Шрифт:
Виктор Тренч повернул ключ в замочной скважине и некоторое время слушал, как сложный механизм выкручивает притяжные болты, отключая герметизацию входной двери. Вентиль чуть повернулся; чмокнули уплотнители, и дверь приоткрылась, обдав колдуна волной ледяного воздуха в котором запах спирта мешался с запахами дезинфицирующих аэрозолей.
Он вздохнул, прочистил горло, и шагнул во тьму, что уже давно ожидала его внутри, не забыв, разумеется, запечатать за собой входной люк.
В маленьком тамбуре Тренч быстро разделся донага, сложил одежду в мешок на застёжке, и, спрятав его в тумбочке, облачился в тонкий белый халат из материала похожего на легкий полупрозрачный целлулоид. Сетка на волосы, марлевая повязка, прикрывающая нос и рот, тонкие прорезиненные перчатки. Рычаг с надписью «Санобработка» – рывком на себя.
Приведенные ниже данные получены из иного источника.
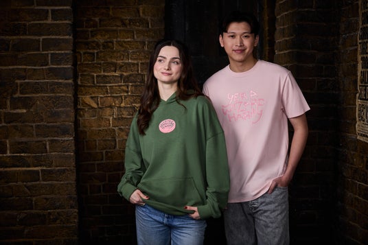 映画『ハリー・ポッターと賢者の石』で、ハグリッドがハリーに初めてバースデーケーキでサプライズする忘れられないシーンにインスパイアされたベビーピンクのTシャツです。フロントには、ケーキのアイシングフォントで「YER A WIZARD, HARRY(お前魔法使いだ)」の文字がプリントされており、あの心温まるシーンが蘇ってくる1枚です。

Ожидая, пока убивающий любую патогенную микрофлору раствор, шипя, вырывается из потолочных форсунок, а часовой механизм, тикая, отмеряет время процедуры дезинфекции, Тренч, медленно и глубоко дышал, считая до пятидесяти пяти. Ему предстояла работа, ошибки в этой работе были недопустимы, поэтому нужно было успокоить мятущееся сознание.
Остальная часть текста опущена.